- ABOUT THIS TASK -
Starting at the line that contains "From the 14th", transcribe every remaining line of the data below exactly, and omit all pictures.

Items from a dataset
[Start of section]

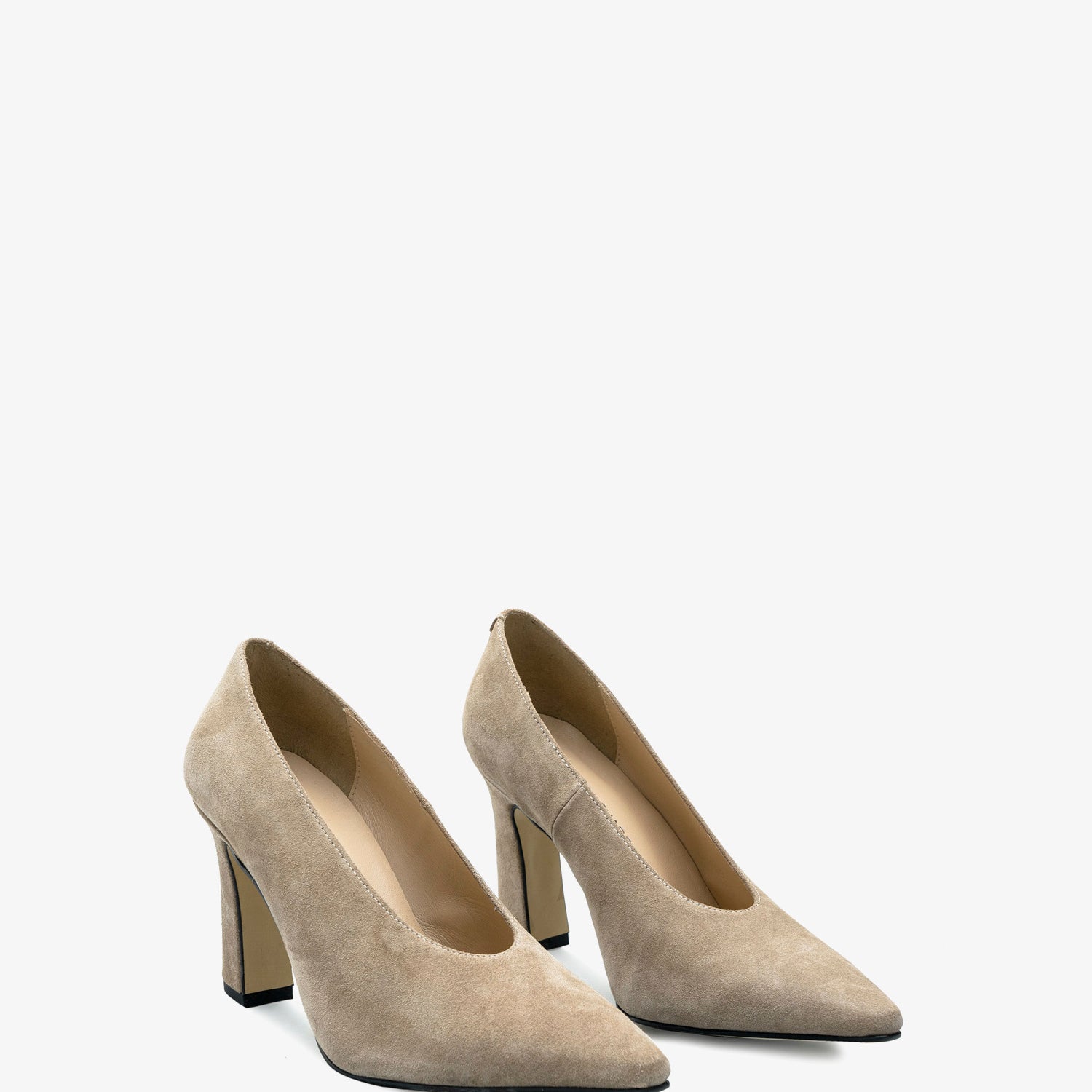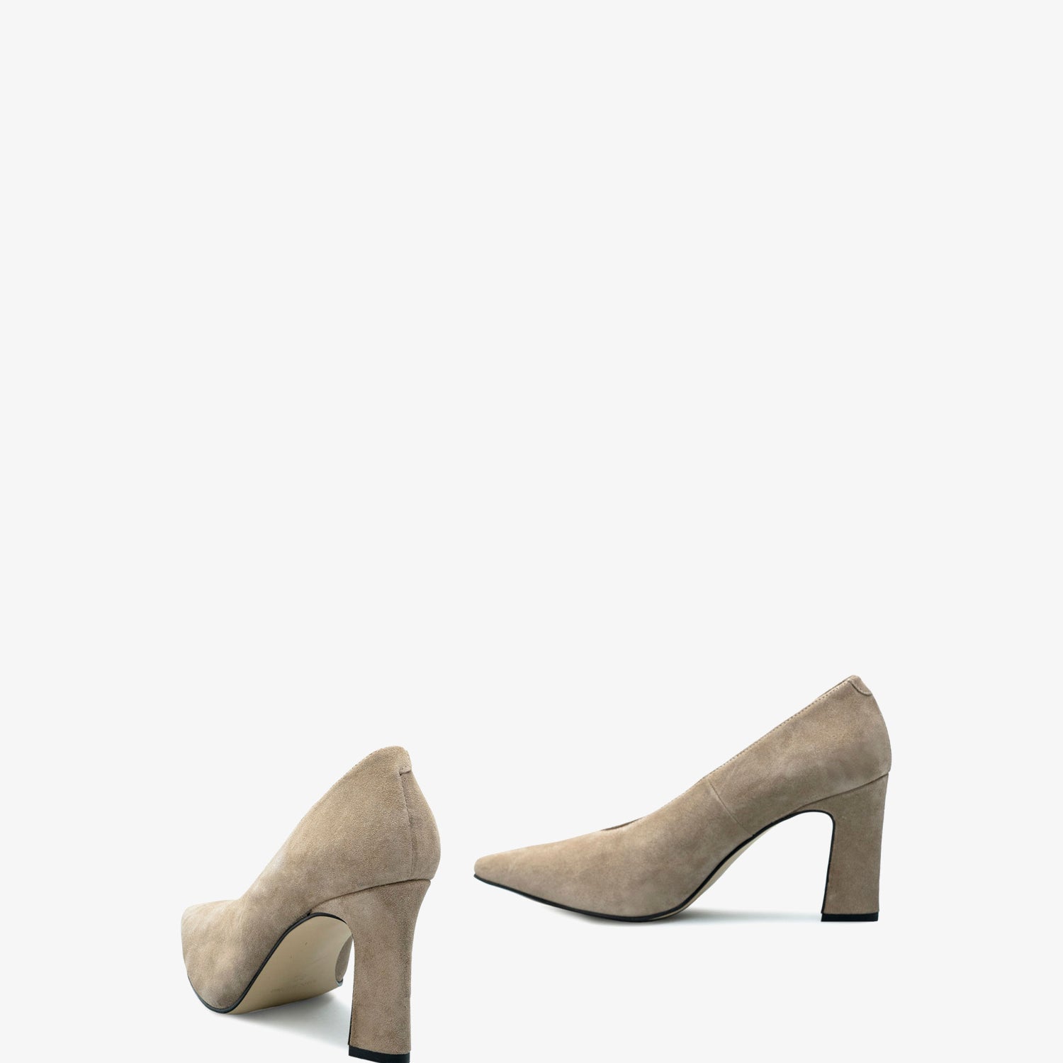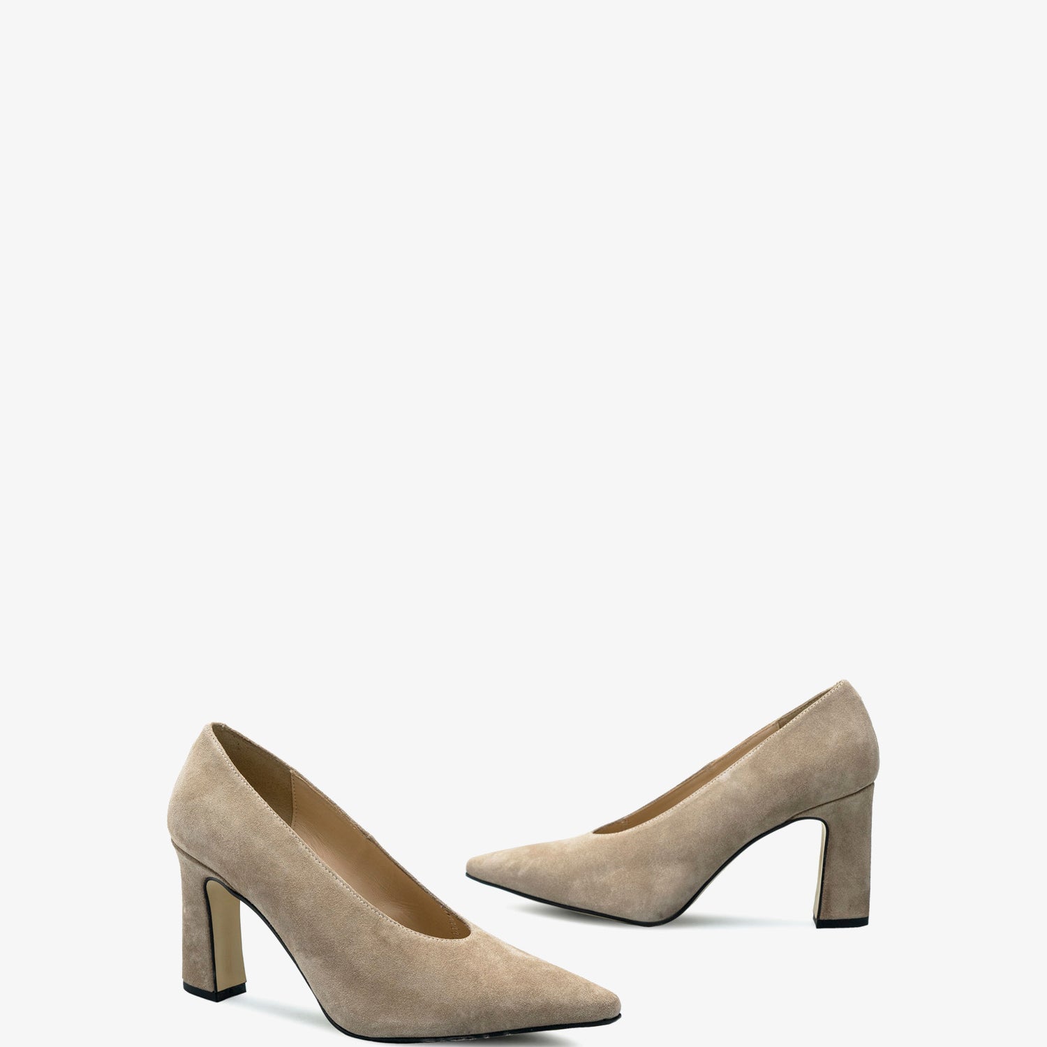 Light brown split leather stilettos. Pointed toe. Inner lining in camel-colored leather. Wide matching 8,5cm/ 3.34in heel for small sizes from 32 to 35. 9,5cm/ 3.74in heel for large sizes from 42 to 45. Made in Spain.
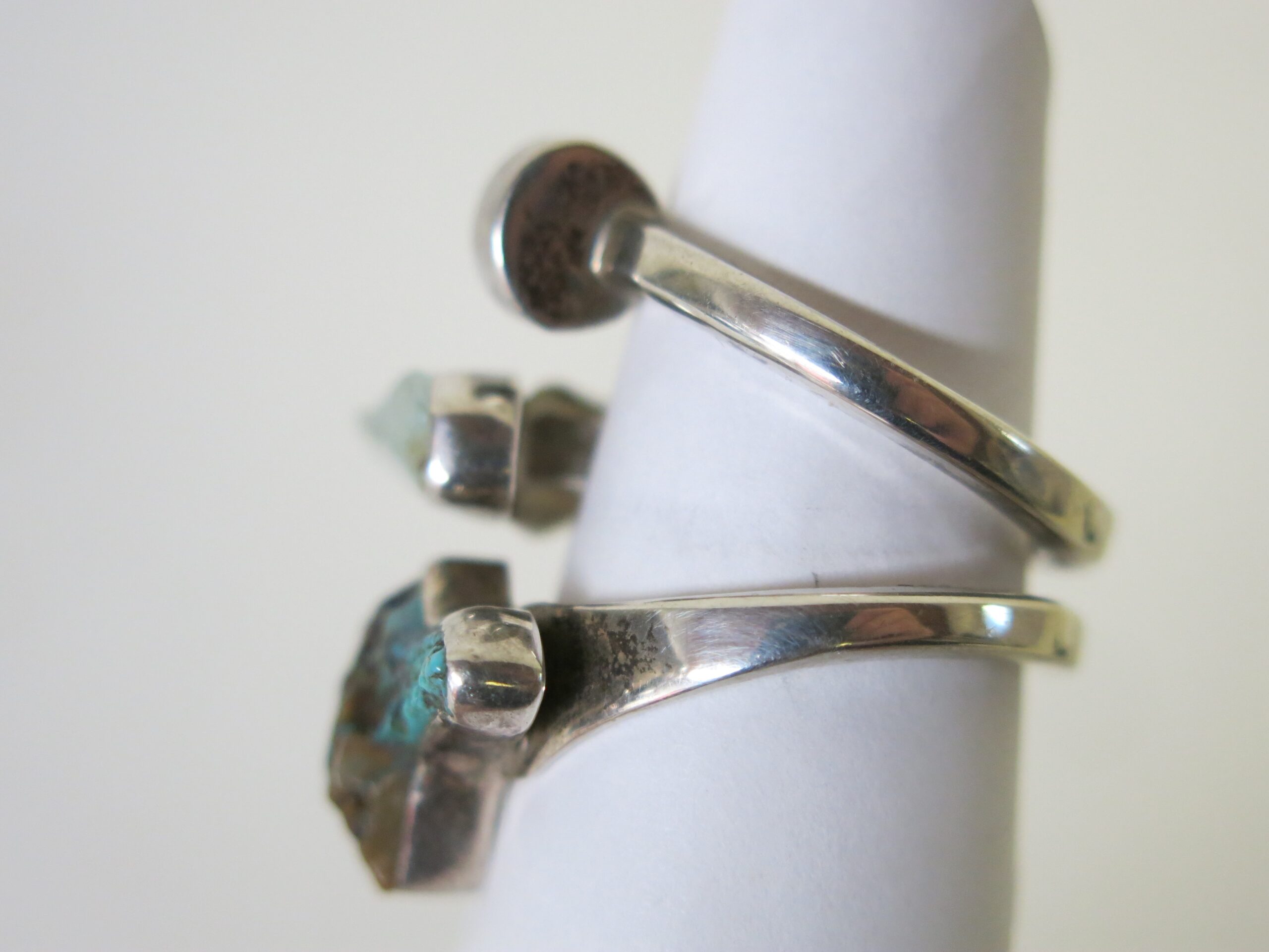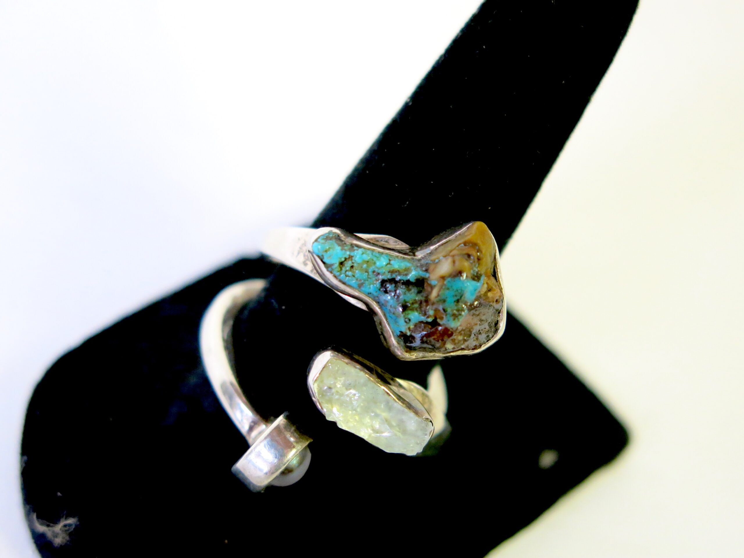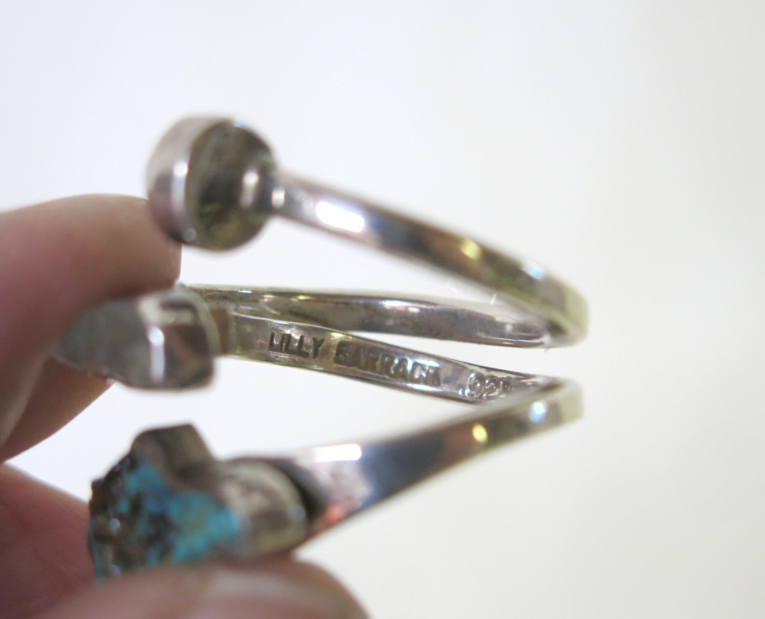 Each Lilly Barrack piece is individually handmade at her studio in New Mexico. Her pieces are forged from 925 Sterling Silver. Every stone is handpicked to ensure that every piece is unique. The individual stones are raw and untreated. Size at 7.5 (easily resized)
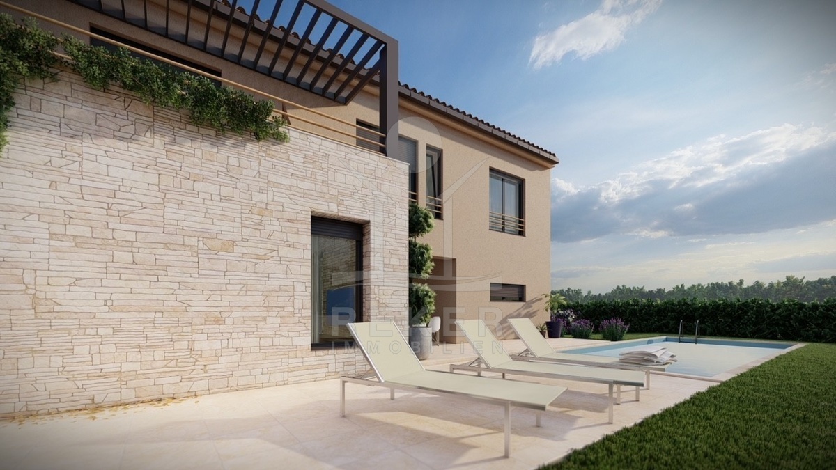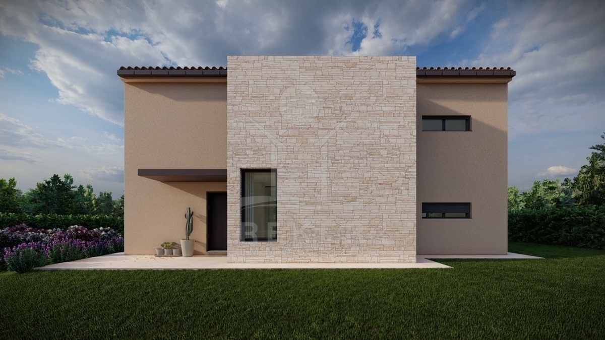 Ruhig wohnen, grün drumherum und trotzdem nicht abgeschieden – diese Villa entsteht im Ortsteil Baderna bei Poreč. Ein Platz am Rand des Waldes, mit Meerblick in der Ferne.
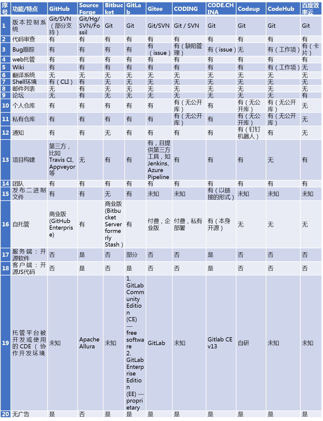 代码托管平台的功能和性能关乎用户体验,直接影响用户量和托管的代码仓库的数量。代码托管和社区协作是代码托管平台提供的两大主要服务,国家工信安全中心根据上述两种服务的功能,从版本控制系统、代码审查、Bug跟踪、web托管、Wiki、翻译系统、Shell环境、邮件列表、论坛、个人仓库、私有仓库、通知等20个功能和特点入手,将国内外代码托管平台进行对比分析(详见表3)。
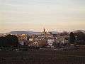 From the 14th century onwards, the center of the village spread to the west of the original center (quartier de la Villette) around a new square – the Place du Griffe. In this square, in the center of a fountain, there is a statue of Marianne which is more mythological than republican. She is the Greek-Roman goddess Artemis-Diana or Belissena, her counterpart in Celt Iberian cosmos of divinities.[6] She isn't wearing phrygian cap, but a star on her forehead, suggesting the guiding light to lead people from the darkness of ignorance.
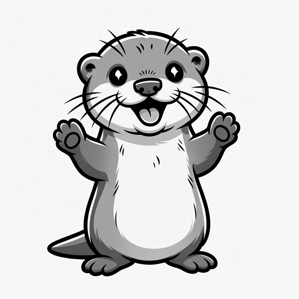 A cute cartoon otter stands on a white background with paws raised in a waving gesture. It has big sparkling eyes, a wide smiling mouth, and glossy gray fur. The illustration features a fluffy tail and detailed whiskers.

[End of section]

- OUTPUT -
 From the 14th century onwards, the center of the village spread to the west of the original center (quartier de la Villette) around a new square – the Place du Griffe. In this square, in the center of a fountain, there is a statue of Marianne which is more mythological than republican. She is the Greek-Roman goddess Artemis-Diana or Belissena, her counterpart in Celt Iberian cosmos of divinities.[6] She isn't wearing phrygian cap, but a star on her forehead, suggesting the guiding light to lead people from the darkness of ignorance.
 A cute cartoon otter stands on a white background with paws raised in a waving gesture. It has big sparkling eyes, a wide smiling mouth, and glossy gray fur. The illustration features a fluffy tail and detailed whiskers.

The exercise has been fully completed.